Please restate the data that follows word for word, with the pictures left out.

⁂

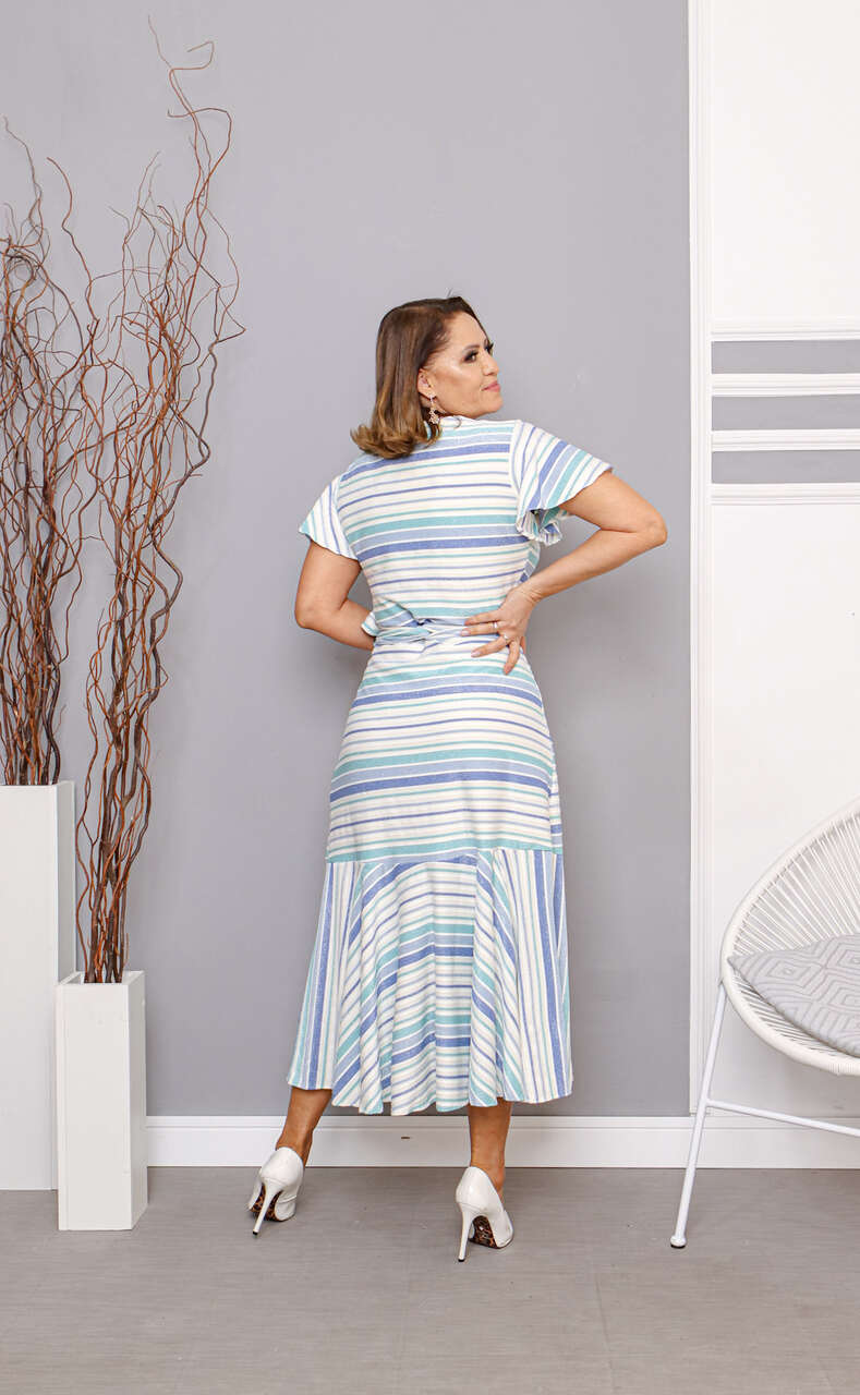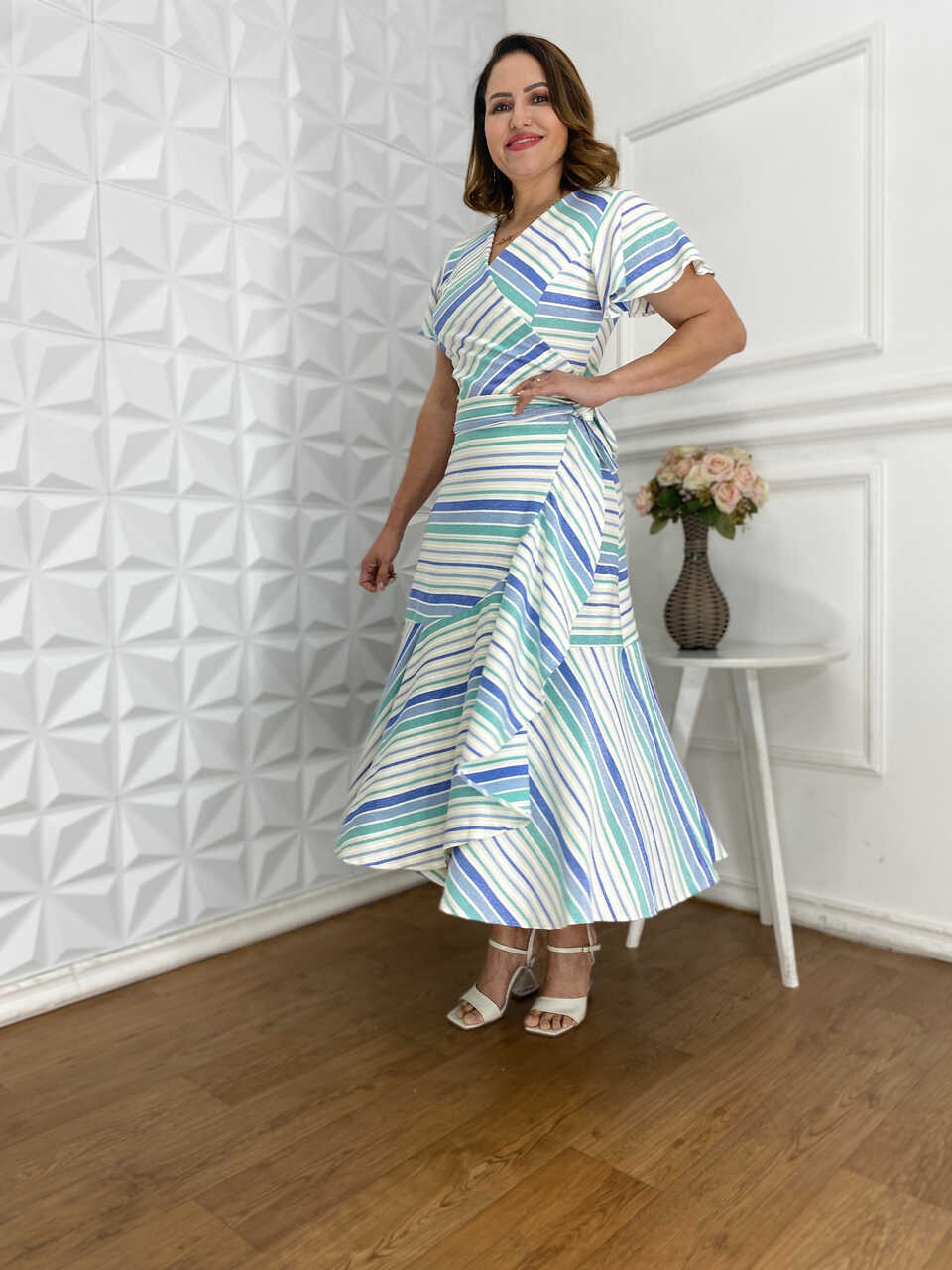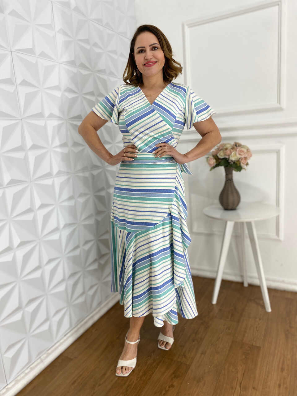 Vestido envelope listrado em lurex, confeccionado em tecido de alta costura e alfaiataria. Possui modelagem sino e é forrado, garantindo conforto. As mangas curtas amplas adicionam charme ao visual, enquanto o babado na cintura proporciona um toque especial ao look.
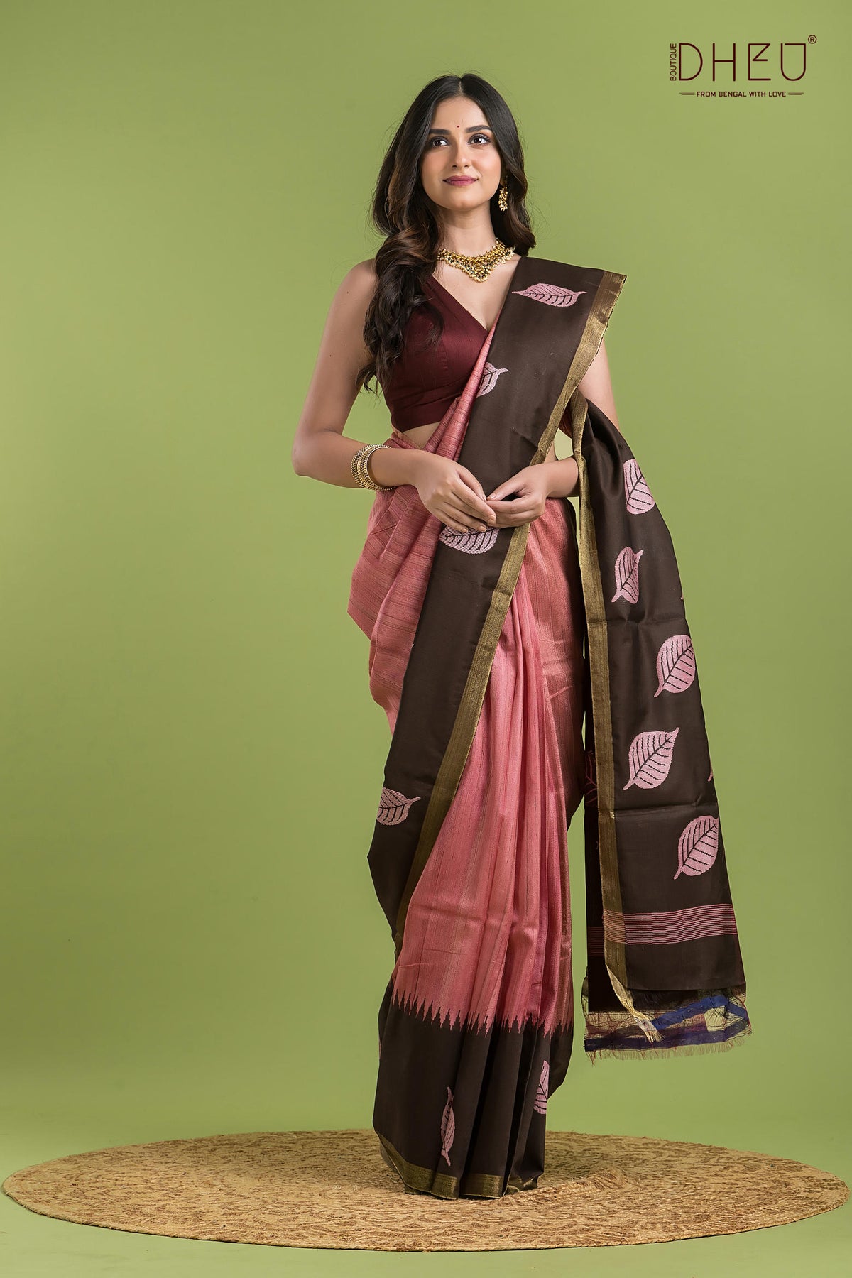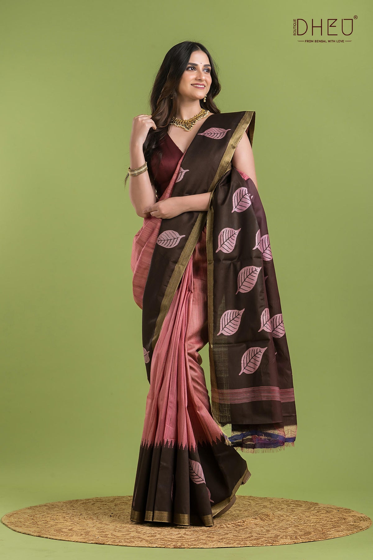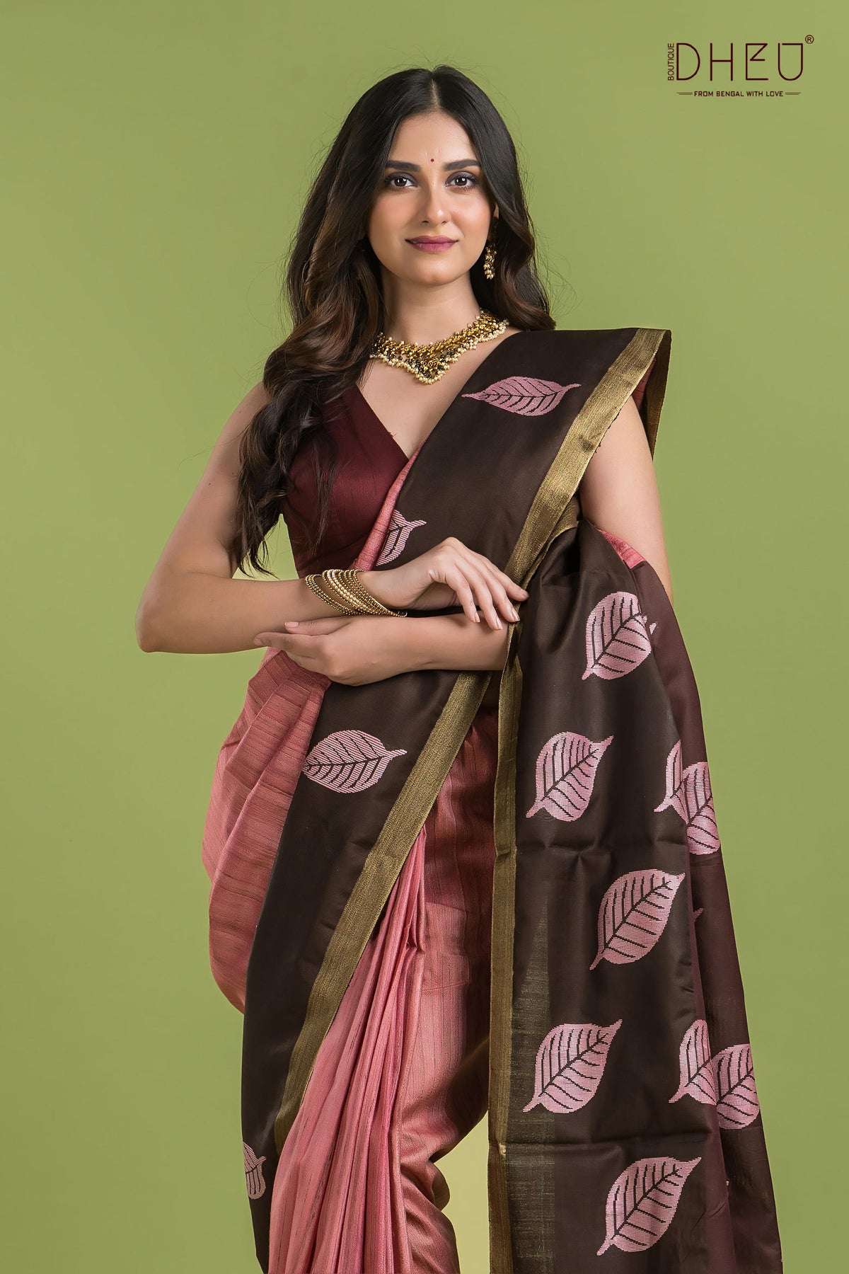 • Saree Color :-Dusty Rose & Chocolate Brown
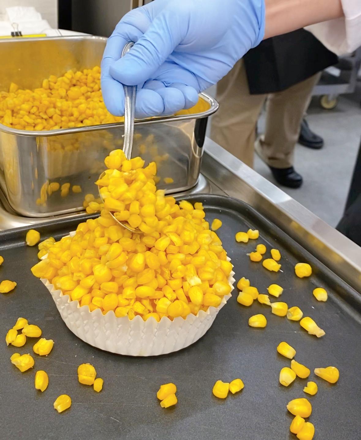 スタッフの『よいしょ〜〜!!』の威勢の良い掛け声と共に、とうきびがどんどんパンに盛られていきます。
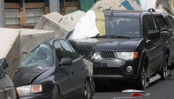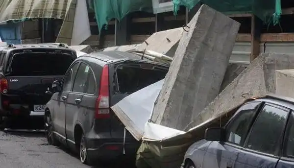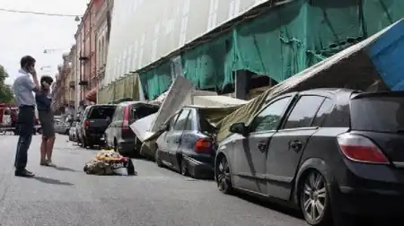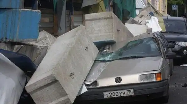 Здоровенные плиты свалились на шесть припаркованных машин. ЧП произошло 11 июня на Конногвардейском бульваре. Это здание сейчас на ремонте, а вот в Манеже, расположенном напротив, проходит очередная выставка. Именно сюда и приехали горожане. Свои машины они припарковали прямо у строительного забора. Как оказалось, сделали люди это зря. Забор перед зданием, был сделан из бетонных плит. Они слетели вниз и оказались прямо на крышах машин. У некоторых только помяты капоты и разбиты лобовые стекла. А вот другие — расплющены. По официальным данным погибших нет. Одна из плит, прижала мужчину, находившегося в машине, но ему помогли выбраться еще до приезда спасателей.
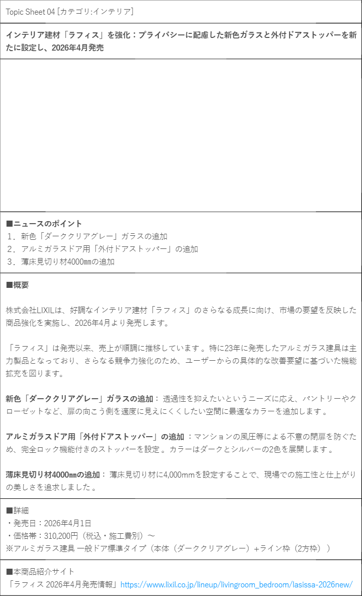 LIXILは、好調なインテリア建材「ラフィス」のさらなる成長に向け、市場の要望を反映した商品強化を実施し、2026年4月より発売します。
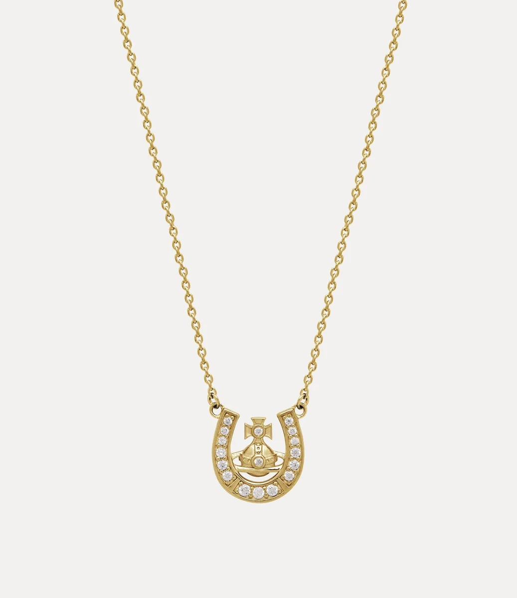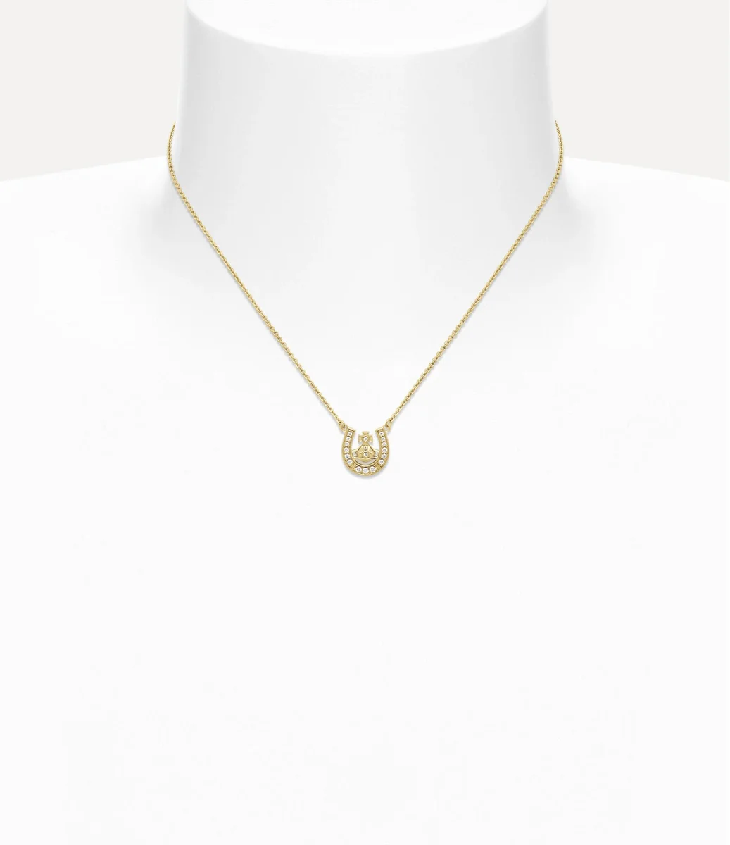 Onze Mare hanger ketting is gemaakt van gerecycled zilver en afgewerkt met een gepolijste goudkleurige laag. Het ontwerp is voorzien van het klassieke orb- en hoefijzermotief van het huis, een eerbetoon aan de kenmerkende iconografie van het huis, versierd met tonale kristallen details.
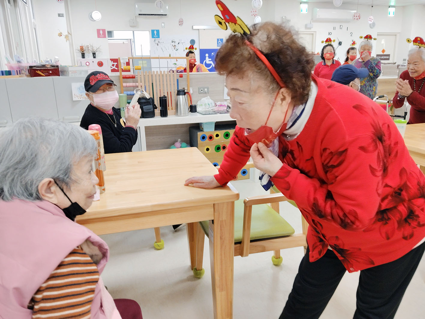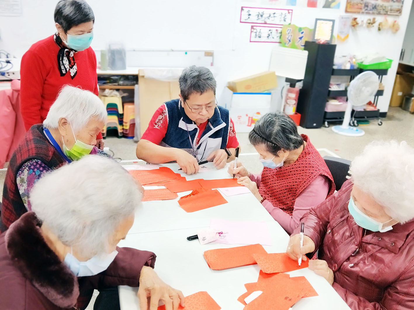 今年寶貝們特別送上不一樣的巧思與祝福,在活動前夕,齊聚一堂由高齡84-92歲五位長者親手在紅包袋上書寫「福」字,並由其他長輩將象徵甜蜜、幸福、健康與祝福的糖果一一裝入紅包袋中再加以包裝及裝飾,願大家新的一年都福氣滿滿。
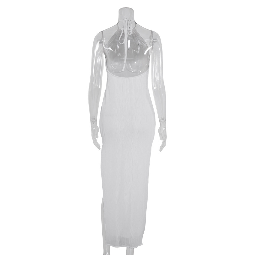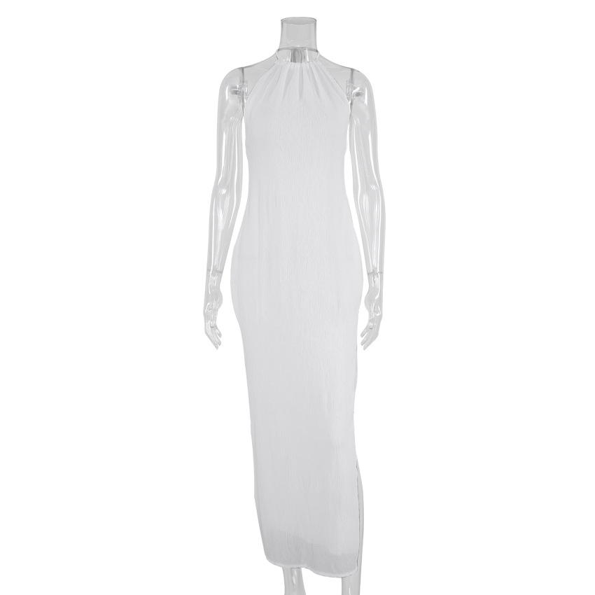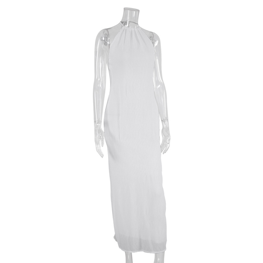 2021 Summer New Halter Sleeveless Chiffon Strap Dress Women Dress Backless Slit Fashionable Long Dress
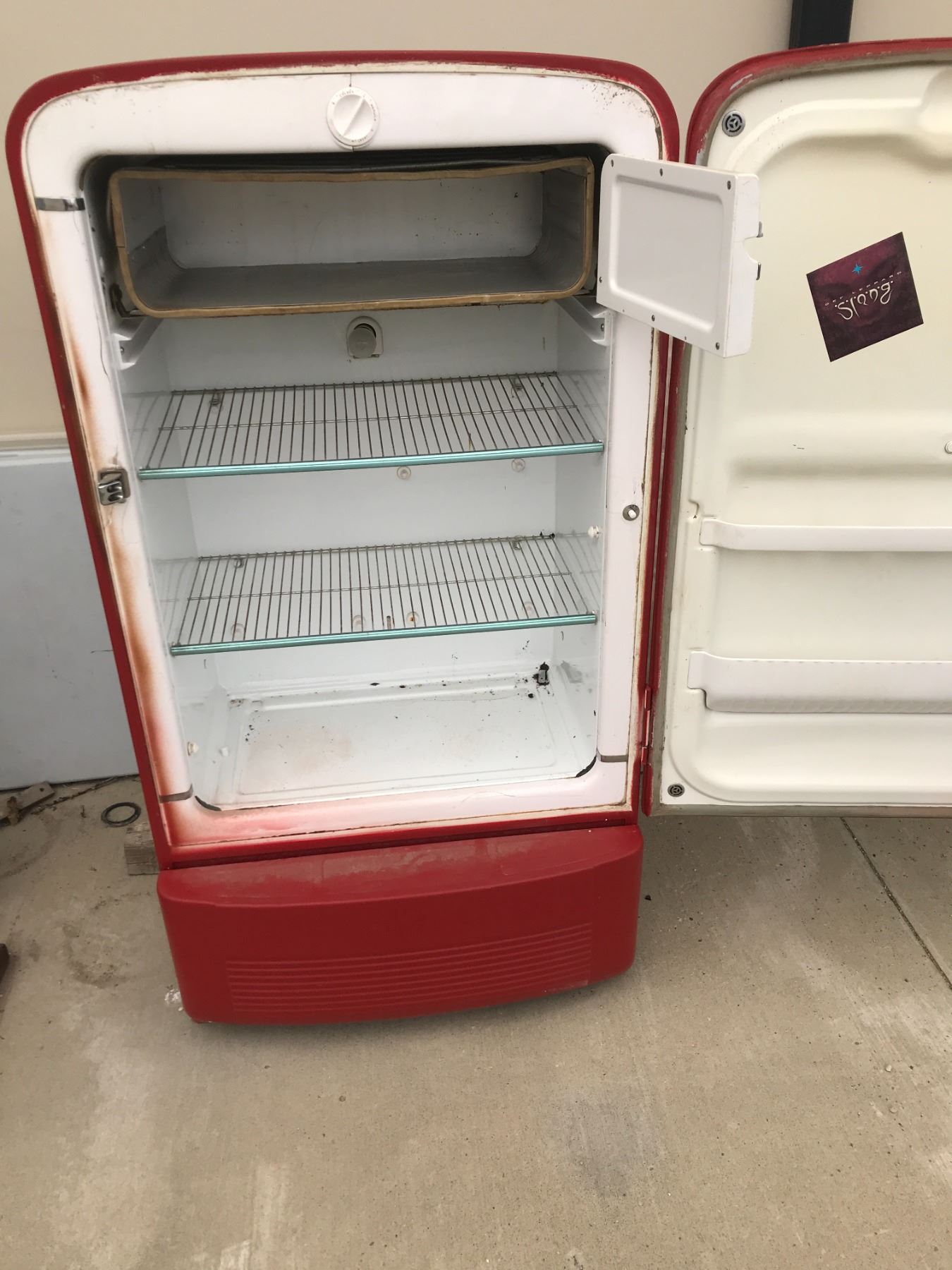 Red Retro Refrigerator (Works – Damage to Front Door)
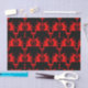 The seamless pattern consists of evil genie hair with flaming red hair and forms the a black body. The head is black with an evil red grin and a striped black; and red dunce cap. The elements of the of the images flow together making it feel a bit strange.
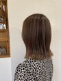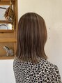 全体をブリーチで細めにハイライトを入れました。ハイライト以外はシルバーアッシュの9トーンで染めました。カットはミィディアムの切りっぱなしのラインで、外ハネできる長さです。

⁂

- **WRITTEN REPLY**:
 Vestido envelope listrado em lurex, confeccionado em tecido de alta costura e alfaiataria. Possui modelagem sino e é forrado, garantindo conforto. As mangas curtas amplas adicionam charme ao visual, enquanto o babado na cintura proporciona um toque especial ao look.
 • Saree Color :-Dusty Rose & Chocolate Brown
 スタッフの『よいしょ〜〜!!』の威勢の良い掛け声と共に、とうきびがどんどんパンに盛られていきます。
 Здоровенные плиты свалились на шесть припаркованных машин. ЧП произошло 11 июня на Конногвардейском бульваре. Это здание сейчас на ремонте, а вот в Манеже, расположенном напротив, проходит очередная выставка. Именно сюда и приехали горожане. Свои машины они припарковали прямо у строительного забора. Как оказалось, сделали люди это зря. Забор перед зданием, был сделан из бетонных плит. Они слетели вниз и оказались прямо на крышах машин. У некоторых только помяты капоты и разбиты лобовые стекла. А вот другие — расплющены. По официальным данным погибших нет. Одна из плит, прижала мужчину, находившегося в машине, но ему помогли выбраться еще до приезда спасателей.
 LIXILは、好調なインテリア建材「ラフィス」のさらなる成長に向け、市場の要望を反映した商品強化を実施し、2026年4月より発売します。
 Onze Mare hanger ketting is gemaakt van gerecycled zilver en afgewerkt met een gepolijste goudkleurige laag. Het ontwerp is voorzien van het klassieke orb- en hoefijzermotief van het huis, een eerbetoon aan de kenmerkende iconografie van het huis, versierd met tonale kristallen details.
 今年寶貝們特別送上不一樣的巧思與祝福,在活動前夕,齊聚一堂由高齡84-92歲五位長者親手在紅包袋上書寫「福」字,並由其他長輩將象徵甜蜜、幸福、健康與祝福的糖果一一裝入紅包袋中再加以包裝及裝飾,願大家新的一年都福氣滿滿。
 2021 Summer New Halter Sleeveless Chiffon Strap Dress Women Dress Backless Slit Fashionable Long Dress
 Red Retro Refrigerator (Works – Damage to Front Door)
 The seamless pattern consists of evil genie hair with flaming red hair and forms the a black body. The head is black with an evil red grin and a striped black; and red dunce cap. The elements of the of the images flow together making it feel a bit strange.
 全体をブリーチで細めにハイライトを入れました。ハイライト以外はシルバーアッシュの9トーンで染めました。カットはミィディアムの切りっぱなしのラインで、外ハネできる長さです。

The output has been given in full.